The cooled down lover Dylan here dumps Warhols Beauty No. 2, Edie Sedgwick, that is the most popular interpretation. For a biographical, anecdotal interpretation a few facts speak, that much is true. Certainly compared to the surrounding songs on Blonde On Blonde, it is an unusually dry, unadorned monologue, with no inscrutable secondary characters like those shady doctors, preachers or jelly-faced women. Even the rare, potentially ambiguous passages (the scarf that hides the mouth, the blinding snow) may symbolize emotional cold and social discomfort, but are in fact so little weird that they might actually be real remembered images.

The relative transparency of the words allows the assumption that the poet stays close to home, in any case. And indeed, the poet has achieved rock-divine status in recent months, with the subsequent overdose of attention from excited girls and teenage fanatics without sense of perspective. An amalgam of those groupies then becomes the you in this song and gets discarded by the protagonist. Recognizable are the clumsy clichés like “I understand you so well”, the immediate, total surrender at the first meeting with the idol and the awkward embarrassment of His Worship (“I didn’t realize how young you were”), who sober and cruel diminishes: “You just happened to be there, that’s all.”

Anyway: it is a beautiful song and it is rightly being released as a single. After the mega hit “Like A Rolling Stone”, “Can You Please Crawl Out Your Window?” did flop. Now “One Of Us Must Know” should make advantage of the momentum and yield Dylan another hit.

That doesn’t work, strangely enough. The single does nothing in the US, grazes the charts in Europe. The artist seems to be bothered by that, just like he is later, with the debacle of “Baby, Stop Crying”: the song disappears from his setlist for years and only after flattering sales pitches by sympathetic fans like the journalist Larry Sloman, it is picked up again – in 1976, ten years later.

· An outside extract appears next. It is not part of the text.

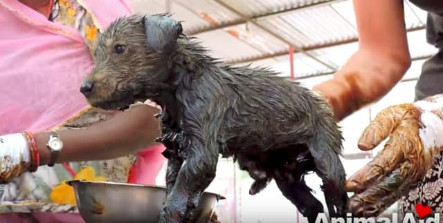 Cães e piche: algo que não dá certo. Já falamos aqui sobre cachorro que ficaram presos na substância, porém dessa vez o caso aconteceu com filhotes.
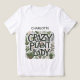 Cute funny crazy plant lady tee, plant lover humor gift, featuring decorative type and leafy greenery and plants. Gift it to an avid plant lover, gardener, landscaper. Wear you passion on an elegantly designed tee with "crazy plant lady" written in a decorative type with flourishes. A unique gift for plant lovers, gardeners, and plant service workers.

Others have fewer reserves, but rarely know how to capture the beauty within. The Boo Radleys produce an original but tiring mix of trash and stillness on the tribute album Outlaw Blues (1992), the singer of Simply Red, Mick Hucknall, keeps it safe and pleasant (Chimes Of Freedom, 2012) and the Dutch rockers and Dylan adepts Jan Barten and Fons Havermans are doing quite well, but no more than that.

The two covers that still stand out somewhat can also be found on tribute albums. One on Blues On Blonde On Blonde from 2003. Clarence Bucaro, an otherwise rather mediocre singer-songwriter from Brooklyn, opts for a roaring twenties arrangement, with clarinet, upright bass and acoustic jazz guitar, thus giving a nice nostalgic and melancholic touch to one of Dylan’s inexorable masterpieces.

The most attractive cover, by far, is on Mojo’s 2016 Blonde On Blonde Revisited tribute, on the occasion of the monument’s fiftieth anniversary, by veteran Chip Taylor.

The seventy-six year old legend starts the song as an American Recording by Johnny Cash; talk-singing over a wavering guitar. A bit later on, the song is sparsely dressed up with a modest, mercury organ, then a discreet bass, light accompaniment on the floor tom and a goosebump-inducing second voice. The old-fashioned mellotron in the background, halfway through, is particularly elegant.

It is a wonderful rendition by an oldtimer who should have gotten his place in the Rock & Roll Hall Of Fame a long time ago – not only did Chip Taylor write “Angel Of The Morning” and “Son Of A Rotten Gambler”, but most of all: he is the writer of the indestructible classic “Wild Thing”. And from that other monument with parentheses in the title, Janis Joplin’s “Try (Just A Little Bit Harder)”.